India’s market regulator SEBI proposed new rules that put the burden of proof on the accused in some cases of insider trading, front running and similar violations, as use of encrypted or disappearing communication and untraceable funding arrangements impede the watchdog’s ability to make and win cases.

An unusual trading pattern — involving substantial change in risk or abnormal profits — that coincides with material non-public information on a security will amount to suspicious activity unless the alleged violator can rebut with evidence, the SEBI said in a consultation paper on Thursday.

Cases of abnormal trading

SEBI cited 97 instances of abnormal trading, such as repeated, concentrated, positions taken by an entity ahead of news events at a company, but said no cases could be established partly due to lack of communication evidence. 

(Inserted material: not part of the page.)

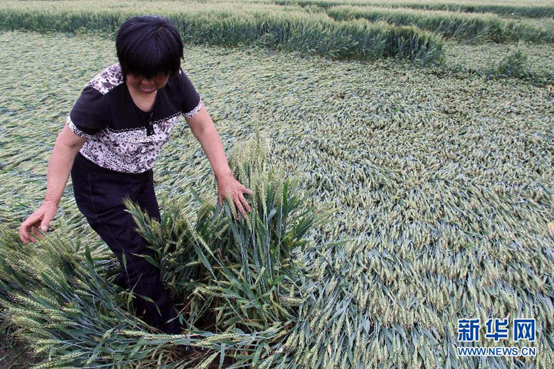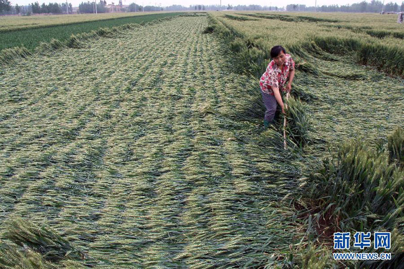 。近日連續(xù)的大風降雨,造成魯西小麥主產(chǎn)區(qū)山東聊城部分小麥發(fā)生倒伏。據(jù)聊城市農(nóng)業(yè)局最新統(tǒng)計,全市小麥倒伏面積達33.8萬畝。新華社發(fā)(張憲舉 攝)

The proposed regulation is a useful device to overcome judicial pronouncements that require more persuasive evidence, said Shruti Rajan, partner at Mumbai-based law firm Trilegal. But many legitimate traders will have to go through the motions of explaining their trades to SEBI, and with no proposed time limits or limitation periods for investigations, the process itself may often feel interminable, she said. 

Deeming provisions are not new. SEBI in its paper pointed to similar provisions in income tax law on unexplained cash credits as well as to US securities law.

Globalized money trails and tech innovations have prompted more lawmakers and regulators to make such moves, said Amit Desai, a criminal defense lawyer. 

“When burden of proof shifts, it needs more clear, objective standards to function as safeguards,” Desai said.